Pre-implantation genetic testing for monogenic disorders is also available as a tool to avoid an affected pregnancy. By this procedure, following in vitro fertilisation, only selected embryos that do not carry the familial genetic change are implanted in the uterus. This testing is available in the NHS for couples who do not have a previous healthy child but can be accessed privately by other couples.

For genetic forms of non-syndromic clefting, the penetrance of the disease is reduced. It may therefore appear to skip a generation or more in some families. Although most genetic non-syndromic clefting is inherited in an autosomal dominant manner (that is, 50% risk of inheriting the genetic change), the actual chance of developing a cleft is much smaller. Prenatal genetic testing for non-syndromic forms is not recommended as the reduced penetrance makes it difficult to predict the outcome. Additionally, an isolated OFC does not meet the criteria for legal termination of pregnancy.

The recurrence risks for syndromic disorders depends on the inheritance pattern.
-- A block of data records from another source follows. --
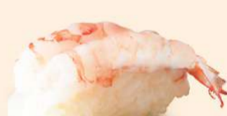
NG11. 甘エビ Ama Ebi Fresh Sweet Shrimp RM28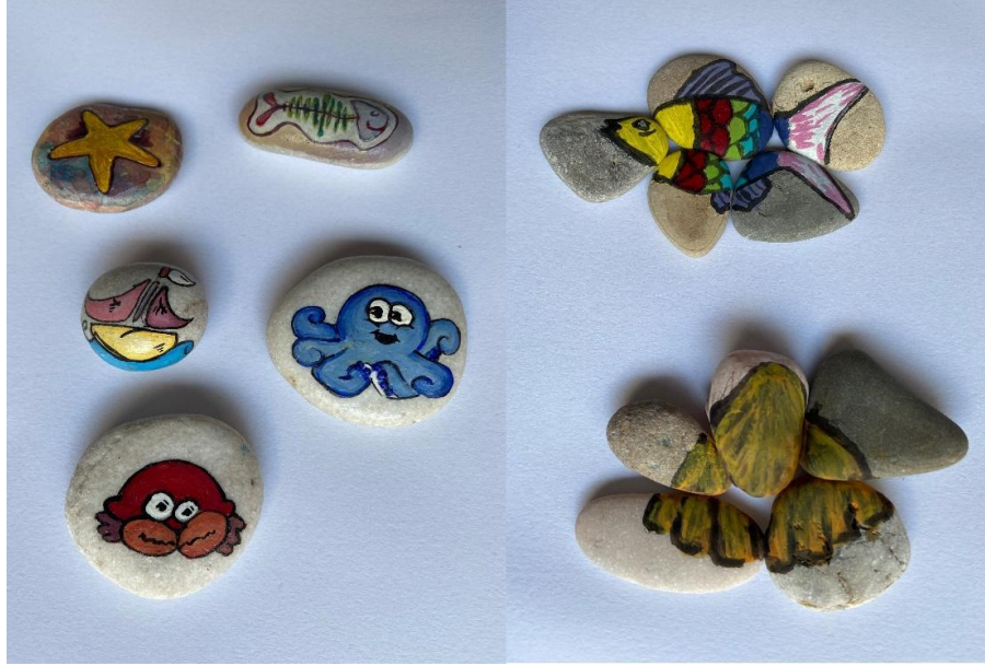
Şekil 6. 1 Numaralı Alanda Uygulanması Planlanan Tekli veya Çoklu Taş Boyama Örnekleri (Taş Boyama: Neşe Baytan ve Yasemin Yıldızgedik)

En az 100 cm 2 yüzeye sahip olan büyük taşlar tek bir simge ile boyanırken, 20-25 cm 2 yüzeye sahip küçük boyutlarda olan taşların ise 4-5 adedi bir araya getirilerek tek bir simge ile boyanması uygun görülmüştür (Şekil 6). Bu şekilde boyanan taşların 4-5 metre uzaklığa kadar algılanabilir olması planlanmıştır. Taşların boyanması tamamlandıktan sonra ise tüm taşlara koruma amaçlı vernik işlemi uygulanması ve bakımı için ortalama 2 yılda bir tekrarlanması planlanmıştır.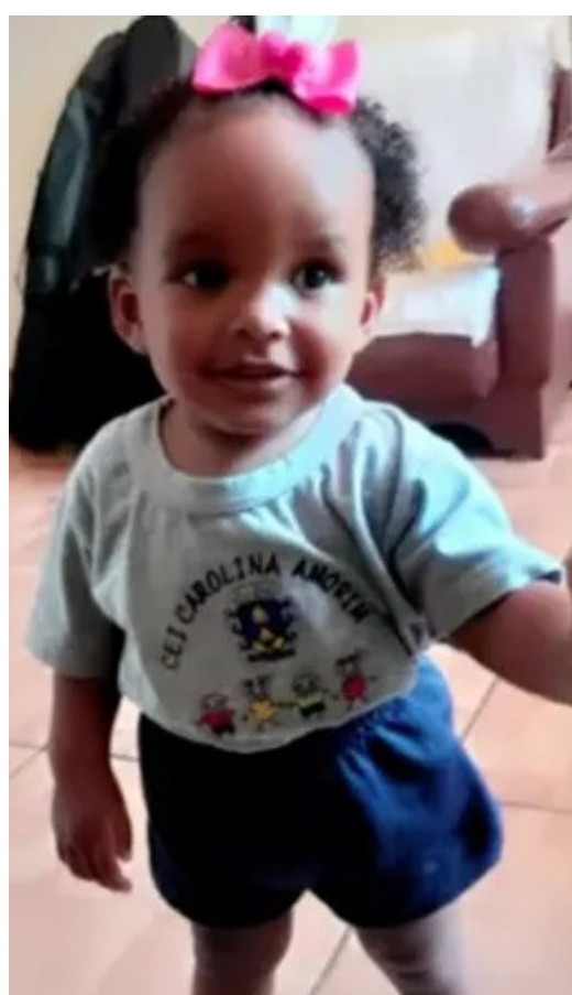
Corpo de bebê passou por exumação

Amanhã, haverá reunião com os pais. Em respeito ao luto, as atividades na escola serão retomadas após quatro dias.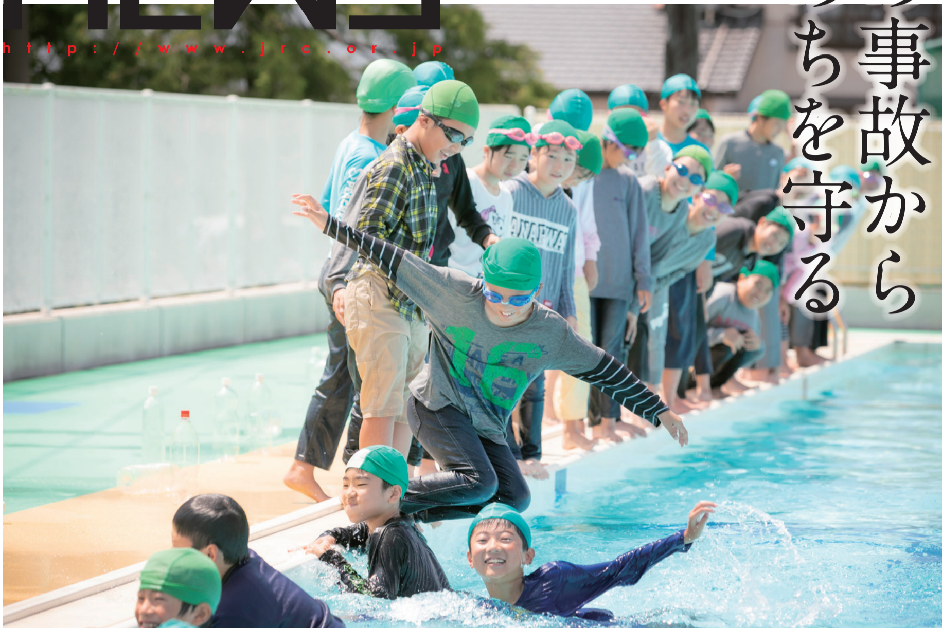
日赤佐賀県支部 JRC 加盟校 神崎市立千代田西部小学校での水上安全法講習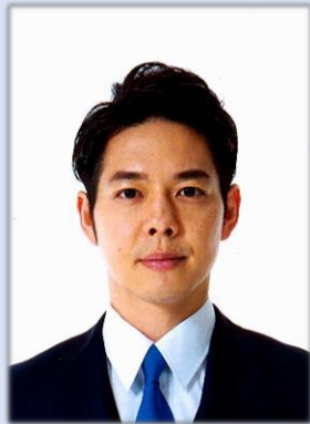
北海道知事 鈴木 直道

令和元年度北海道男女平等参画チャレンジ賞を受賞されたお二方、誠に おめでとうございます。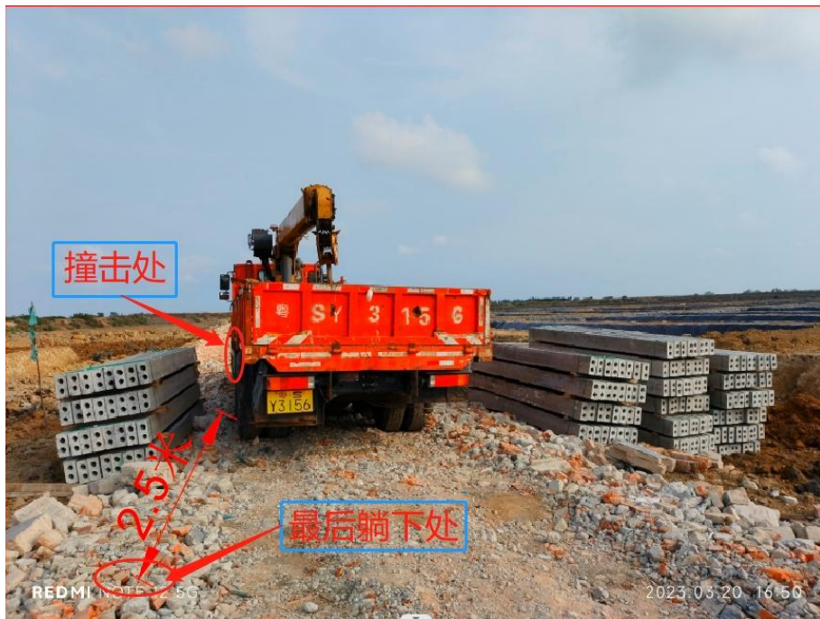
图 4 周某海最后躺下处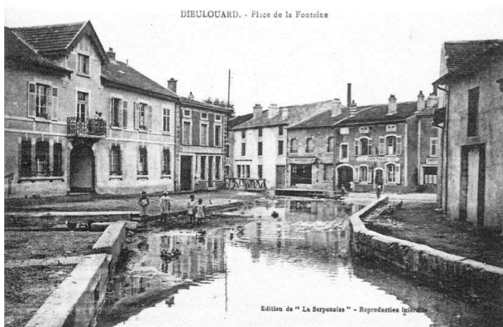
Place de la fontaine

Rue Maurice Geogin (maisons détruites 1914 – 1918)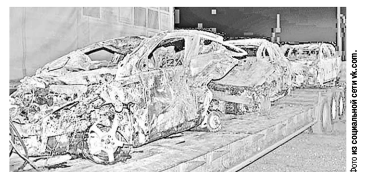
Некоторые автомобили, всплывшие после столкновения, превратились в груды искоржженного металла.

В Воронежской области полицией устанавливаются обстоятельства ДТП, которое произошло 3 сентября с участием более 30 автомобилей.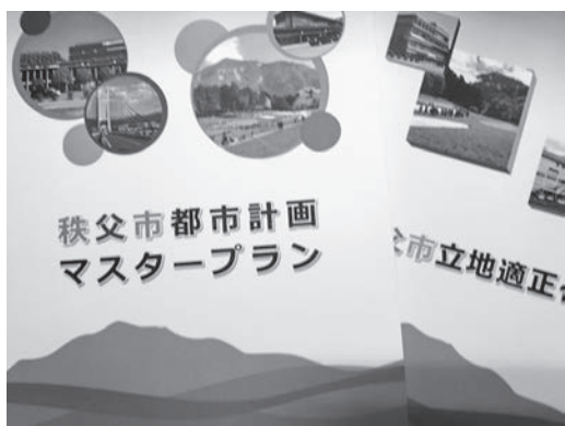
都市計画マスタープラン

答 合併特例措置が終了した現在、財政の健全化は最優先事項であり、現状の中期財政計画のローリングを基に予算編成等、事業計画をコントロールし、適切な財政運営を実施していく。具体的な方法としては、市民目線に立つて事業の取捨選択、無駄の排除を基本に据え、実施事業をこれまで以上に極め、精査していきたい。また、自主財源の確保を図る市税の増収策に取り組む。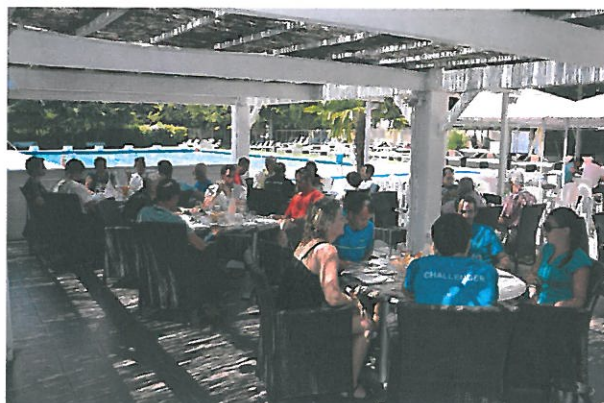
Déjeuner « les Terrasses du Country »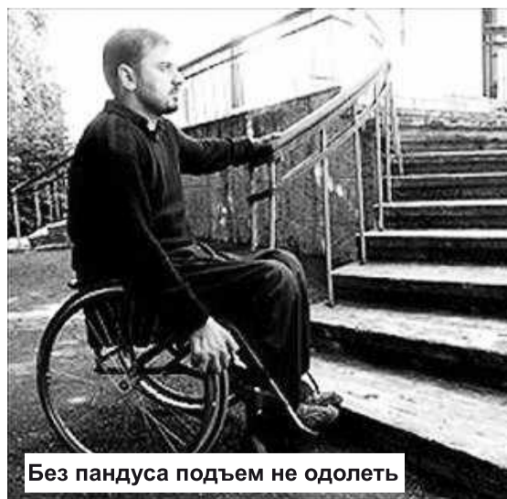
Без пандуса подъем не одолеть

В 2011 году прокуратурой города продолжена работа в сфере дополнительного лекарственного обеспечения граждан. Установлено, что ситуация по льготному обеспечению лекарственными средствами в городе удовлетворительная. Нет задолженности по финансированию поставленных лекарственных средств. Рецептов на длительно отложенном обслуживании не имеется.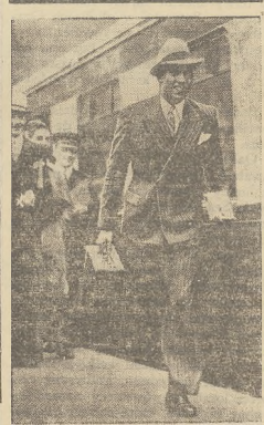
Amerykański biegacz Jesse Owens powraca do ojczyzny na pokładzie „Queen Mary”.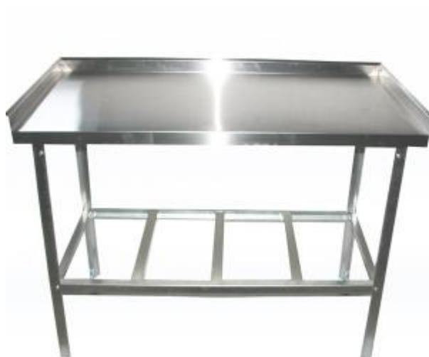
Рис.4 Стол производственный с бортом

Производственные столы, предназначенные для обработки пищевых продуктов, должны иметь покрытие, устойчивое к действию моющих и дезинфицирующих средств и отвечать требованиям безопасности для материалов, контактирующих с пищевыми продуктами.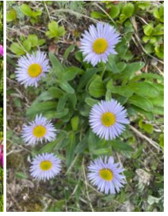
ミヤマアズマギク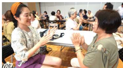
日本の歌で台湾の人と手遊び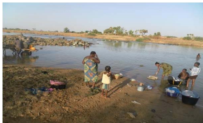
L'accès à l'eau reste un des grands défis dans la lutte contre le choléra.

Avec environ 33% des cas de rougeole rapportés en 2013, plus de 70% des cas de choléra, la quasi-totalité (98%) des cas confirmés de diphtérie, près de 17% des cas de paludisme, la région de Tillabéry a affiché un tableau épidémiologique des plus sombres au cours de cette année. Cette région est particulièrement affectée par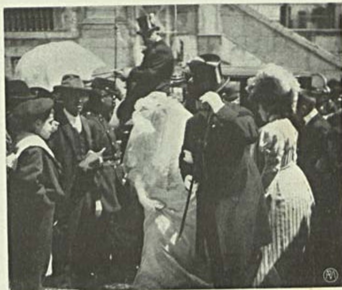
Vida elegante — Um casamento

Mas se a Providencia não attende em absoluto ás supplicas dos que lhe pedem chuva ou sol de rachar a bem da terra e esta não pro-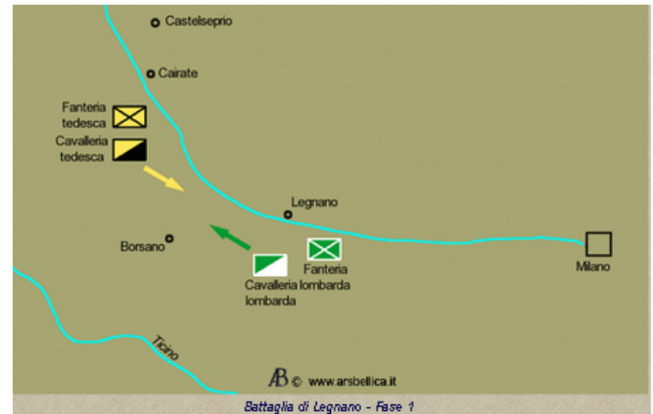
Battaglia di Legnano - Fase 1

Nel borgo di Legnano, distante poco più di venti chilometri dalla città milanese, arrivò per prima la cavalleria bresciana e milanese, dalla quale si staccò un contingente di 700 effettivi con il compito di perlustrare la zona verso Como. Poi a Legnano arrivò anche il Carroccio con parte della fanteria, che si dispose davanti a un fossato, forse costruito per l'occasione alle spalle dei combattenti allo scopo di impedirgli di scappare, in ottemperanza al giuramento della "Compagnia della morte"; ma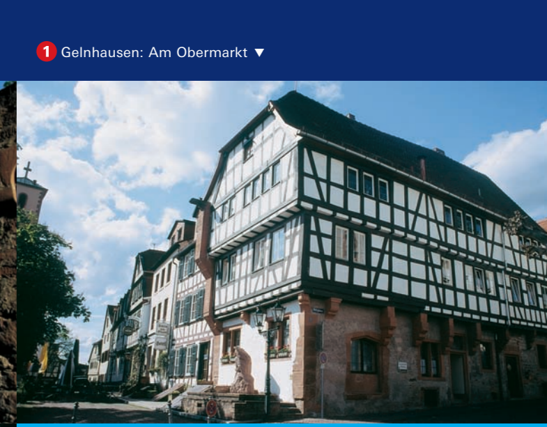
1 Gelnhausen: Am Obermarkt ▼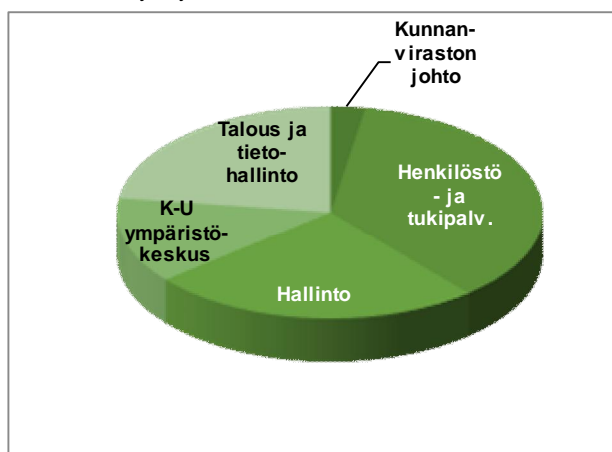
Toimintakulujen jakautuminen tulosalueittain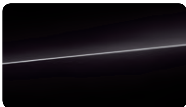
ミストブラック メタリック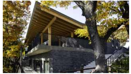
승인재 (사진출처 : 진효숙 작가, 건축사사무소리움)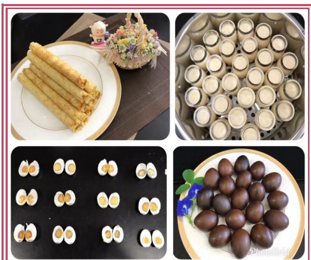
試製蛋加工品

組和諧的工作氛圍，讓筆者得以開心享受工作中的樂趣，每每看到大家試吃筆者試做的蛋品所給予的回饋，都好開心，正向回饋讓人有成就感，負向回饋提供了具體再改進與調整的方向，並積極再進一步研究。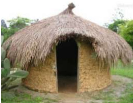
CASA DOS ÍNDIOS - OCA

CONVERSAR COM A CRIANÇA SOBRE A CASA ONDE MORA, QUE MATERIAL FOI USADO PARA A CONSTRUÇÃO. EM SEGUIDA FAZER UMA EXPLICAÇÃO E MOSTRAR AS IMAGENS ABAIXO DOS TIPOS DE MORADIAS QUE EXISTEM.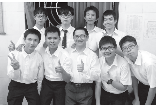
▲ 印尼與台灣的青年學長共同擔任獻供、燒香和叩求執禮人員。

坤雙方學長相互行禮告別後，祈福活動順利圓滿結束，印尼道親們都懷著法喜充滿的心情滿載而歸。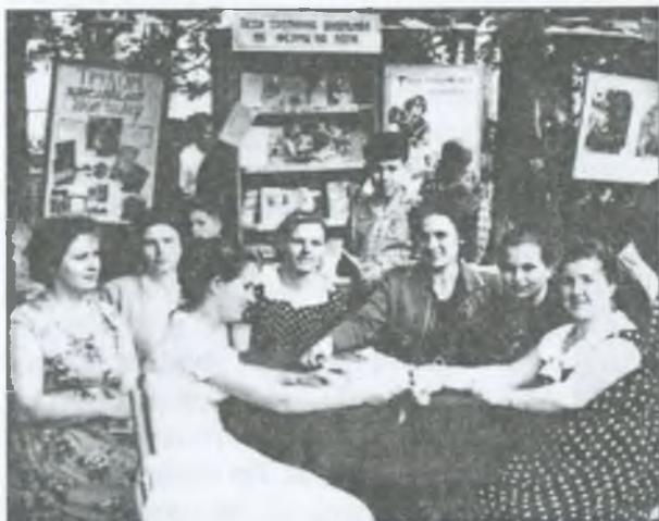
Свято книги в м. Гуляйполі. 1963 р.

Поруч з читальнями обладнаний спеціальний "Куток юного книголюбів". Тут же, на алеї квітів — казковий будинок.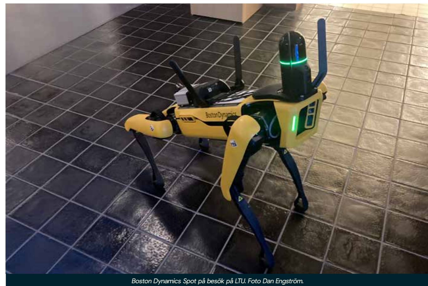
Boston Dynamics Spot på besök på LTU.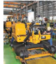
工場内の組み立てライン

時代のニーズに対応しCO 2 排出量の削減につながる電動化の製品開発を進めています。環境保全に配慮したものづくりを通し、社会貢献につなげたいと考えています。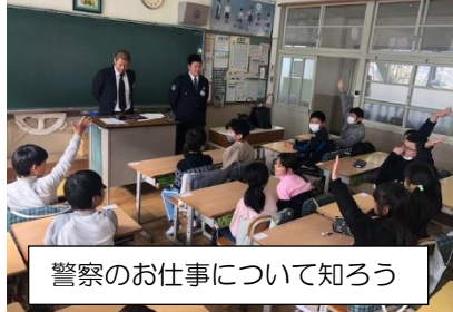
警察のお仕事について知ろう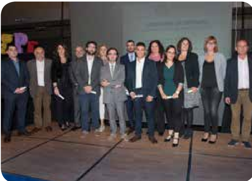
>> Lliurament de diplomes als alumnes del Curs Superior d'Assegurances 2016-17

presència del mediator d'assegurances a la gran pantalla. La presentació d'aquest curtmetratge, produït pel mateix col·legi, va anar a càrrec de Guillem Terribas, president del Col·lectiu de Crítics de Cinema de Girona.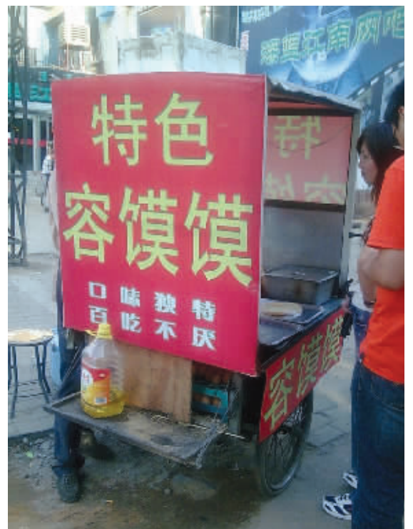
真不敢买,怕“馍里藏针”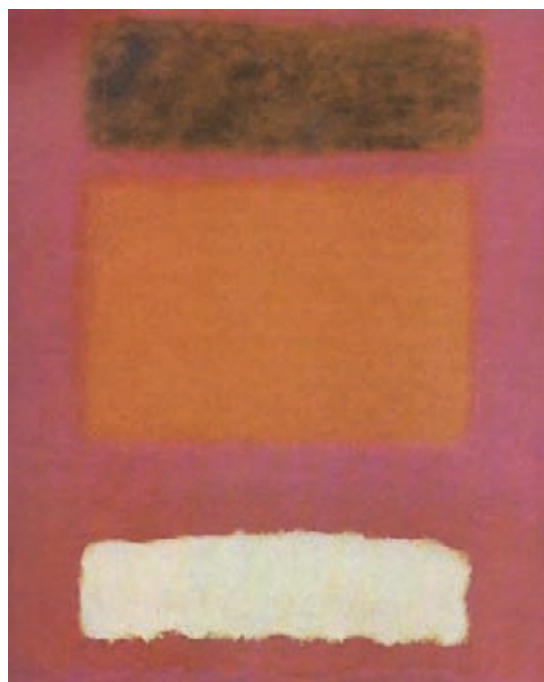
Fig. 3.- Mark Rothko. Rojo, blanco y marrón , 1977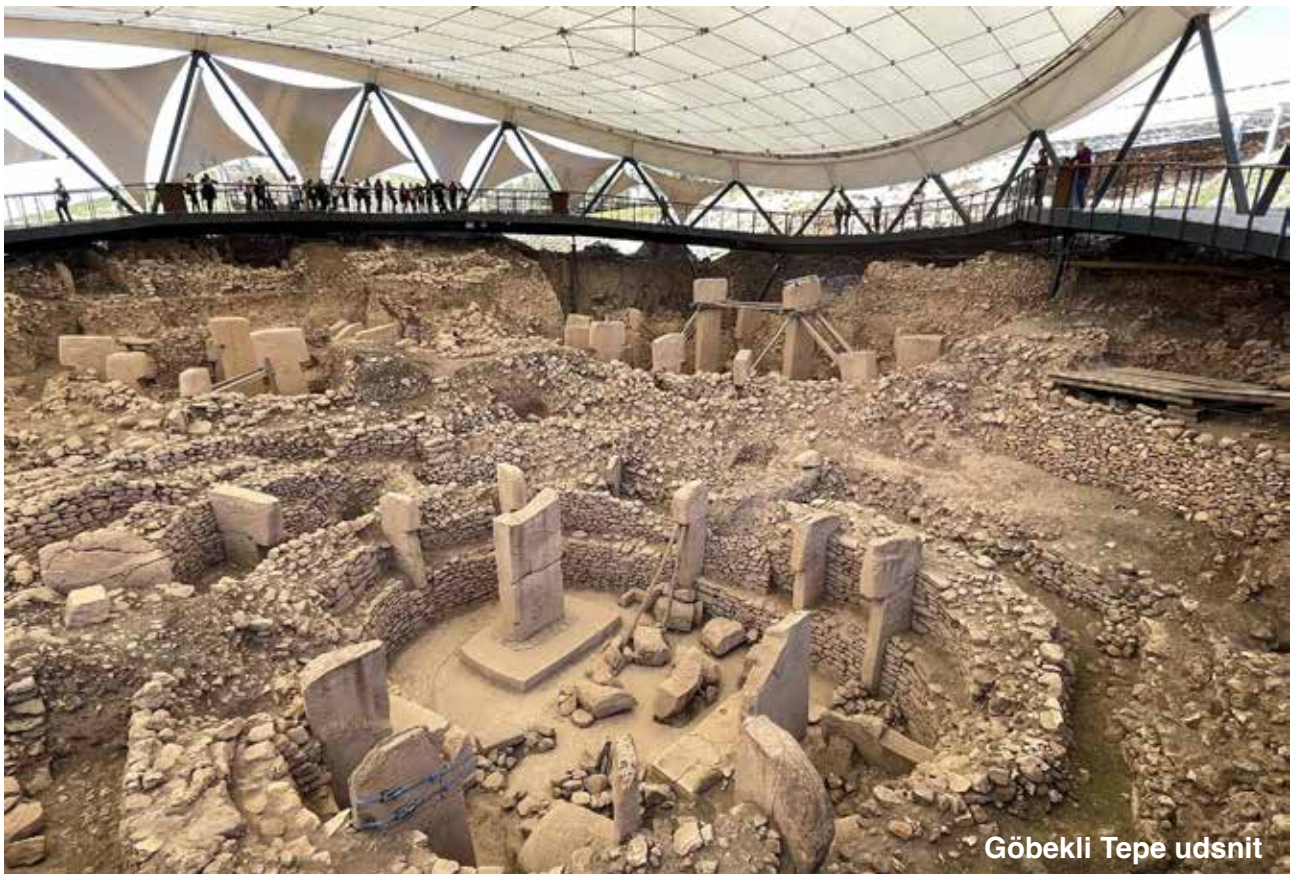
Göbekli Tepe udsnit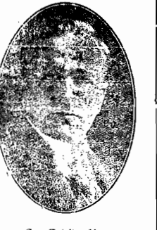
Sr. Getúlio Vargas

RIO, (via aérea) — Entre o chefe da nação e o sr. Franklin Roosevelt, foram trocadas os seguintes telegramas, por ocasião da posse do pre-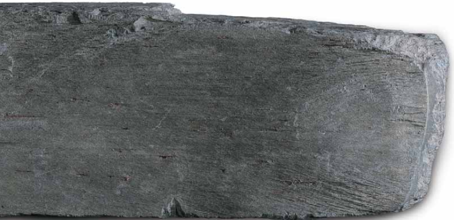
Bruchstein (Maßstab 1:1)

For non-syndromic disorders, empiric risks may range from 2-10% based on the relationship to the index case and whether the cleft is unilateral or bilateral.29

Preventative measures

Antenatal folic acid supplements have received much attention in the prevention of clefts.25In those with a genetic form of cleft, there is no evidence to indicate that these will alter the course of disease; monogenic causes of clefting are rarely linked to the folate metabolism pathway. In the isolated, non-genetic forms with a multifactorial aetiology, intake of normal dose folic acid (400 micrograms/day) may be protective. In fact, high dose folate supplements (5 mgs/day) are recommended with maternal anti-epileptic medication. It is preferrable to take the supplement from about six weeks pre-conception and at least through the first trimester. Avoidance of alcohol, smoking, recreational drugs and drugs with teratogenic effects is also recommended.

Conclusion

Although current genetic testing strategy is extremely sophisticated and has substantially reduced the length of the diagnostic journey for patients with orofacial clefting, many cases still remain unsolved. This is mainly due to our current limited scientific knowledge of the function of our genome. Cleft syndromes fall under the rare diseases and ultra-rare diseases category and many of these may be caused by novel genes not as yet described to cause human disease. Another reason for failing to reach a diagnosis, despite sequencing the whole genome, is the possibility of rarer mechanisms of disruption of the gene structure or function, for example, rearrangements or methylation abnormalities,30 which need special analytical methods that are not inbuilt into the bioinformatics pipelines as of yet.31

As the healthcare system focuses increasingly on personalised and precision medicine, it will become more important to decipher the genetic causes of clefting. In the future, it could be anticipated that the individualised therapy for patients will be dependent on the genetic basis of their disease. There is already progress being made in terms of clinical trials for genetic therapies, repurposing of drugs, and small molecule therapy for some rare diseases. Data from large cohorts of OFC patients, such as that in the Cleft Collective Study (http://www.bristol.ac.uk/dental/cleft-collective/about/), should be interrogated further for genomic targets.

In the future, newborn screening is likely to include whole genome sequencing,33 resulting in early diagnosis of genetic causes of clefts. This will allow therapies to be instituted early and symptoms controlled, should such therapy be available. If this line of testing is extended to foetuses, it may lend itself to intrauterine interventions, such as surgical repair or gene therapy.